My recommentation re Donny's PostgreSQL patch would be to wait and do it in another release (either a -r2 or when Samba 3.0.3 comes out).  That way people don't need to change their system any more than necessary.

I'm working on an updated ebuild now that incorporates the setuid fix and the smbprint patch.  I can add the Postgres patch while I'm at it if people think I should. :)
Comment 14 Joshua J. Berry (CondorDes) (RETIRED) gentoo-dev 2004-04-09 14:44:46 UTC
Created attachment 28986 [details]

Updated ebuild which fixes the smbprint problem (bug 45965) and removes the
setuid bits from smbmount/smbmnt/mount.cifs.  The patch for the smbprint
problem is attached to that bug.
Comment 15 Joshua J. Berry (CondorDes) (RETIRED) gentoo-dev 2004-04-13 13:20:17 UTC
mglauche --

I'm CCing you on this since you're the new Samba dev.

Long story short, there is a vulnerability in smbfs (in the kernel) we need to work around, and there's another one in smbprint (bug 45965) which should be patched as well.

I've written an updated ebuild and patch for these two, but someone should probably look at these and test them (well, more thoroughly than I have anyway).

Also, someone on the gentoo-security mailing list suggested making a local USE flag for turning on setuid bits for the smbmount programs.  What are your thoughts on this?
Comment 16 Joshua J. Berry (CondorDes) (RETIRED) gentoo-dev 2004-04-14 13:29:49 UTC
Subject needs both category and package name.
Comment 17 Michael Glauche (RETIRED) gentoo-dev 2004-04-15 00:12:15 UTC
USE flag should be good idea, i think the "mount as user" functionally is too valuable to dismiss generally. But for "high security" system-admins it could be a good option to decrease the number of suid programs by 3 ...
Comment 18 Michael Glauche (RETIRED) gentoo-dev 2004-04-15 00:16:58 UTC
Btw ... the samba-3.0.2a-r1.ebuild works fine for me, can someone else also test it, so we can get it commited ?
Comment 19 Donny Davies (RETIRED) gentoo-dev 2004-04-15 06:09:49 UTC
USE flags will not be tolerated for suid, NO.

If somebody gets cute and tried to add that, I will simply revert your 

I said I needed help to maintain samba, i didnt say I needed somebody to come
in and start rolling all over the package and adding whatever little frivolous additions they pleased.

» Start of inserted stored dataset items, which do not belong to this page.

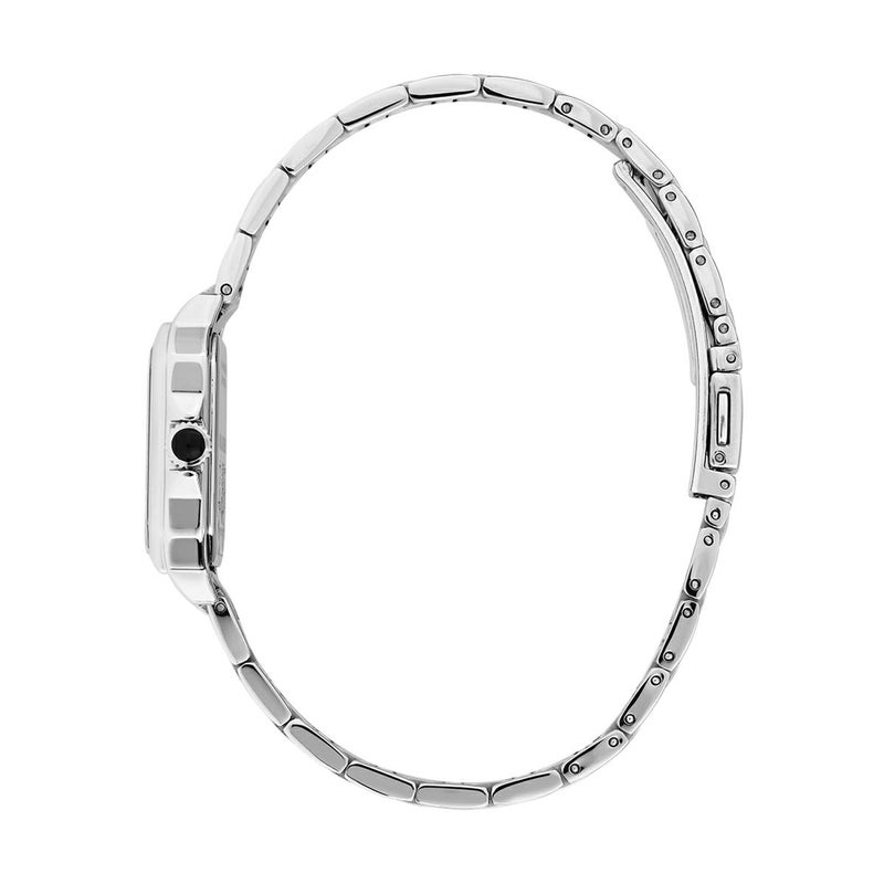 スクエア型のクリスタルベゼルが輝きを放つモデル。ブレスレット中央にはファセットカットのディテールを施し、クラウンにはブラックエナメルのカボションをセット。ダイヤルにはサンレイ加工やダイヤモンドダスト仕上げが施され、モダンなエレガンスを演出します。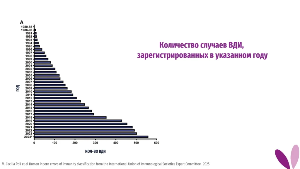 Ниже представлен график из буквально последнего пересмотра, с количеством врождённых дефектов иммунитета, зарегистрированных за каждый год.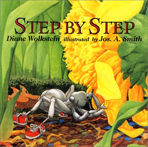 Over a stone, across a leaf, under a branch--step by step, a red-sneakered ant wends her way to meet her friend the grasshopper. Together, the two enjoy an outing, then the ant travels home again, step by step, arriving just before dark. Although the story line is slight and the pair's adventures practically nonexistent, Wolkstein's pacing is expert. Here, repetition of the phrase ``step by step'' propels the tale and sets the stage for a rhythmic, reassuring read-aloud. Smith's larger-than-life illustrations provide an ant's-eye view of the world; solid attention to detail and gentle anthropomorphization of the ant and her friend make this, if not a show-stopper, decidedly reader-friendly. Ages 3-up. (Apr.)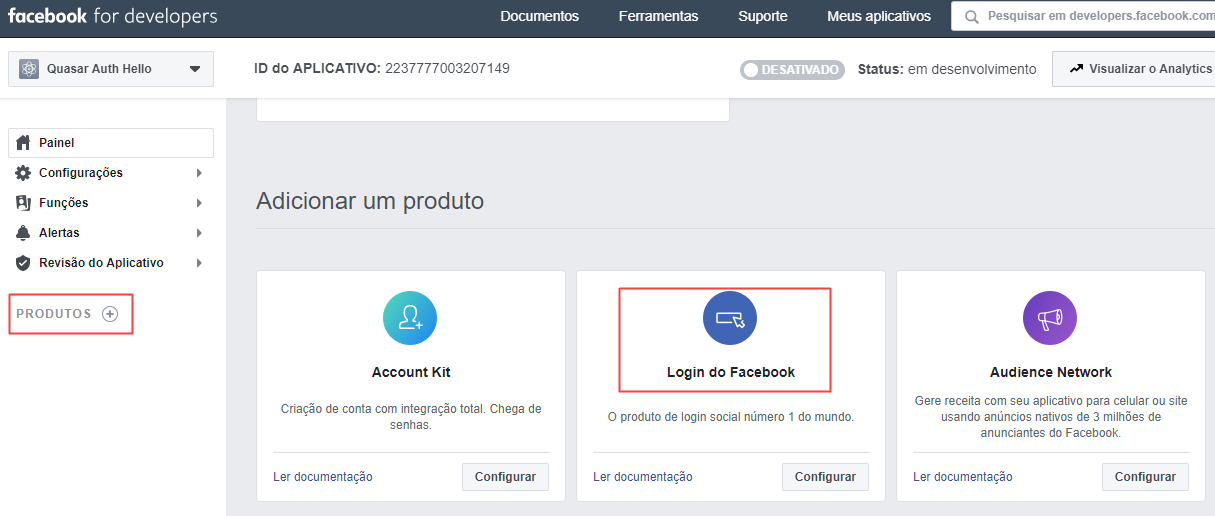 Na área do Painel clicamos em produtos na lateral, e buscamos por Login do Facebook e clicamos em configurar: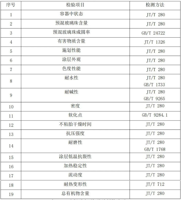 表2-23 水性路面标线涂料检验项目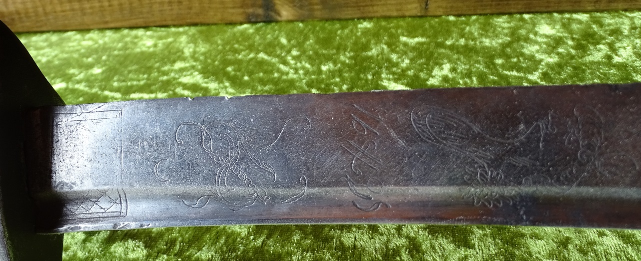 Auf der rechten Klingenseite sind Ornamente, auf der linken ein Osmanenkopf und Zahlen.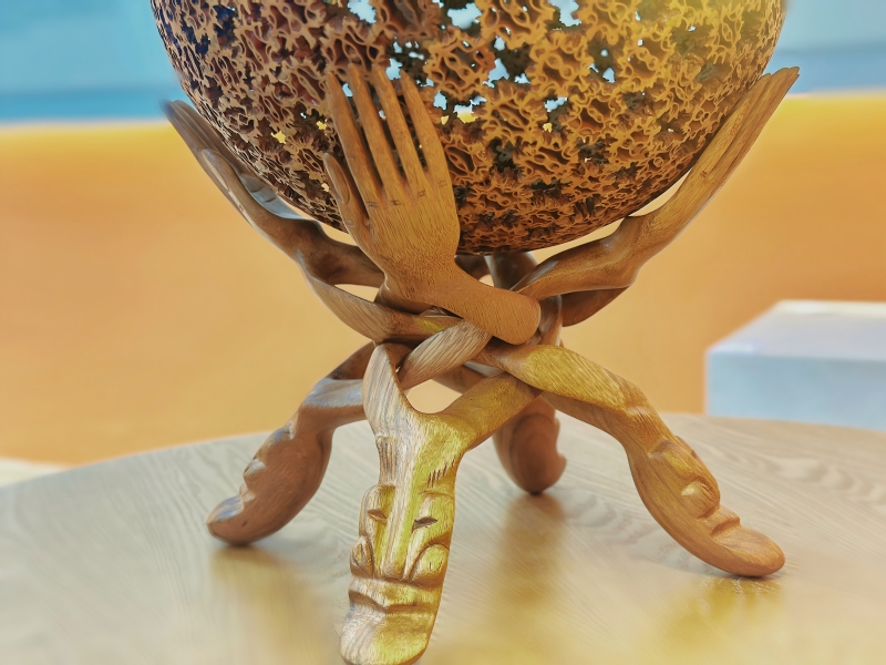 《手托乾坤》为野生山核桃工艺佳作。该作品以山核桃切片为材,创作者巧妙借助山核桃天然纹理,拼合出象征乾坤宇宙的圆球。圆球以中心四瓣核桃为视觉核心,依托天然纹路向外辐射,似蕴含阴阳变幻与世间万象。下方底座以木刻套雕双手稳稳托起圆球,手部形象线条流畅、雕工细腻。这一设计不仅增添了作品的观赏性,更寓意人类以智慧和力量承托天地、顺应自然,传递出和谐共生的美好愿景。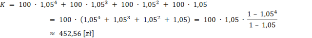 W zadaniu powinieneś skorzystać ze wzoru na sumę n początkowych wyrazów ciągu geometrycznego dla ciągu o pierwszym wyrazie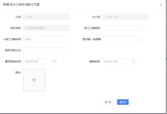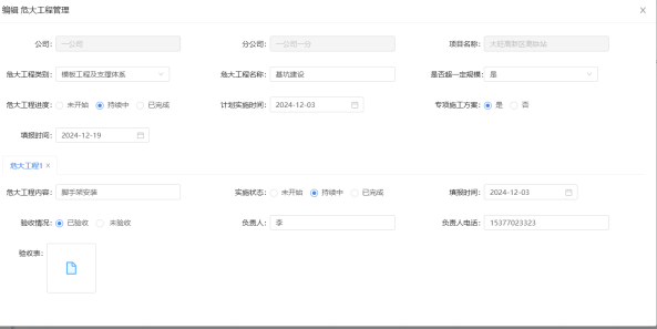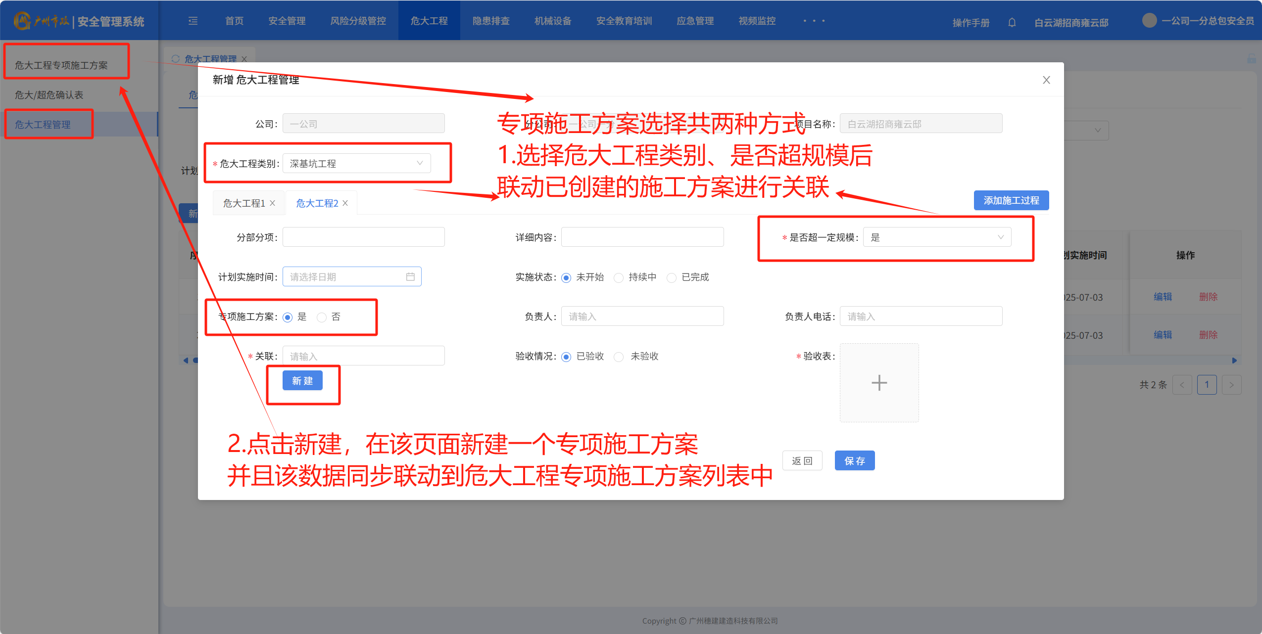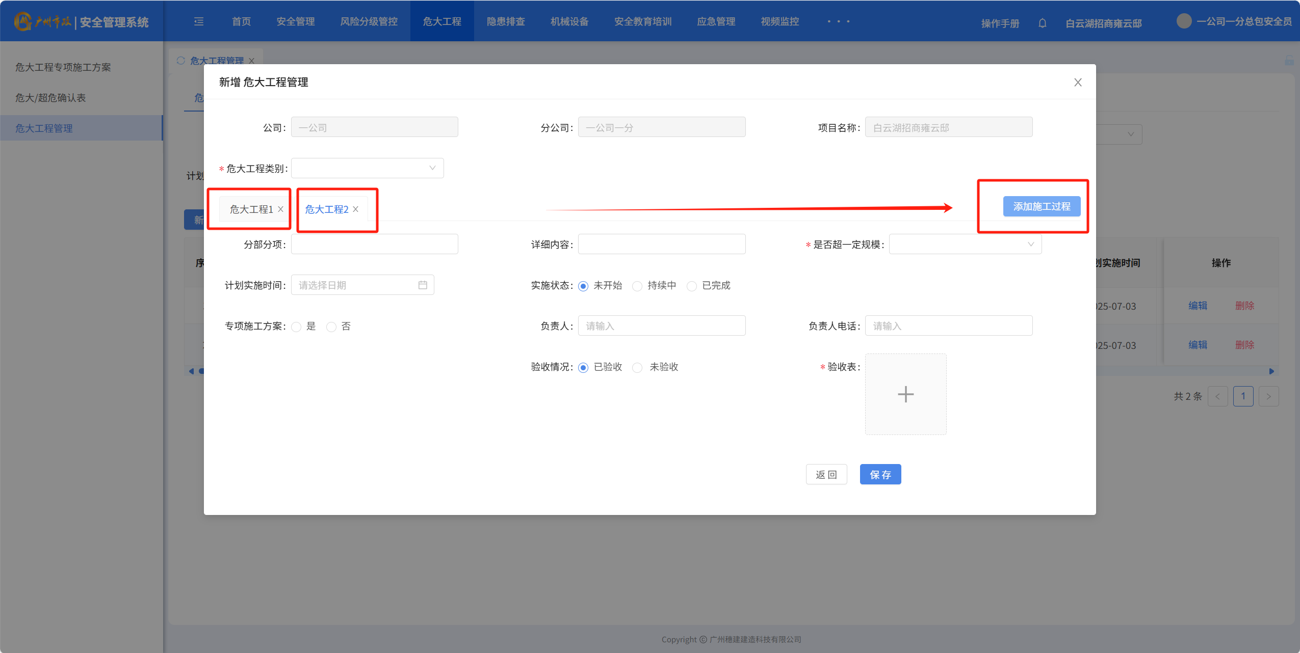 点击“添加施工工程”按钮,对危大工程进行新增,例如“危大工程2”,填写完成后保存。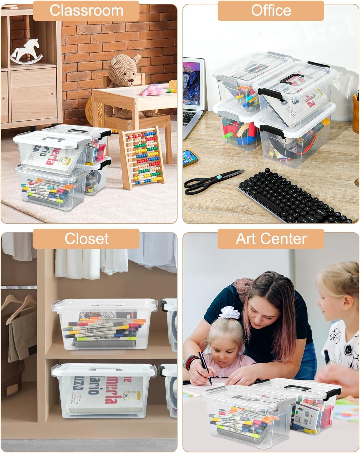 NUMIFUN Plastic Storage Bins With Lids 6 Pack Storage Organizer Bins, 7 Quart Stackable Storage Bins with Lids and Black Handle Buckle Easy for Home Office Organization, White Lids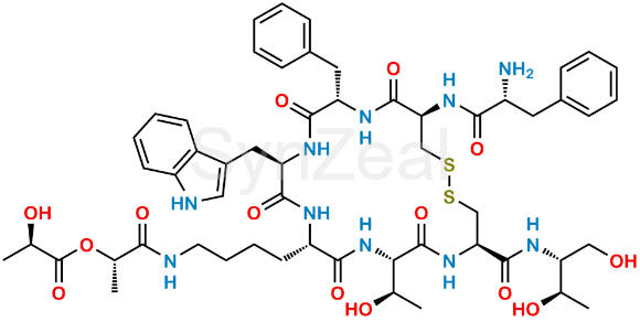 D-Lactolactoyl-Lys-Octreotide is chemically (S)-1-((4-((4R,7S,10S,13R,16S,19R)-13-((1H-indol-3-yl)methyl)-19-((R)-2-amino-3-phenylpropanamido)-16-benzyl-4-(((2R,3R)-1,3-dihydroxybutan-2-yl)carbamoyl)-7-((R)-1-hydroxyethyl)-6,9,12,15,18-pentaoxo-1,2-dithia-5,8,11,14,17-pentaazacycloicosan-10-yl)butyl)amino)-1-oxopropan-2-yl (R)-2-hydroxypropanoate. D-Lactolactoyl-Lys-Octreotide is supplied with detailed characterization data compliant with regulatory guideline. D-Lactolactoyl-Lys-Octreotide can be used for the analytical method development, method validation (AMV), Quality Controlled (QC) application for Abbreviated New Drug Application (ANDA) or during commercial production of Octreotide.

Comment 20 Joshua J. Berry (CondorDes) (RETIRED) gentoo-dev 2004-04-15 09:38:25 UTC
re comment 19:

There is already a precedent for this sort of thing in aRts, and some users have expressed concern about simply removing the bits, even with an ewarn/einfo.

From: David Garcia Watkins <dgw@...>
Date: Tue, 13 Apr 2004 10:42:56 +0200
Subject: Re: [gentoo-security] Samba Testing Help
X-UID: 857

> Also, what are your reactions to making smbmount non-setuid (thus
> preventing normal users from mounting remote Samba filesystems)? Is there a
> better workaround/fix for this (other than patching the kernel)? I'd rather
> not tamper with existing functionality if I can help it.

I like arts' aproach to this problem, users dont have to remember to chmod 
each time they upgrade.

In other words, to create a local USE flag called something like "smbsuid".


David Garcia Watkins

> If somebody gets cute and tried to add that, I will simply revert your 
> changes.

My, how productive that will be.  There's really no reason to go around threatening to undo people's commits when nobody has made them, or even said they were going to make them (or indeed, CAN make them in the first place).  It just pisses people off.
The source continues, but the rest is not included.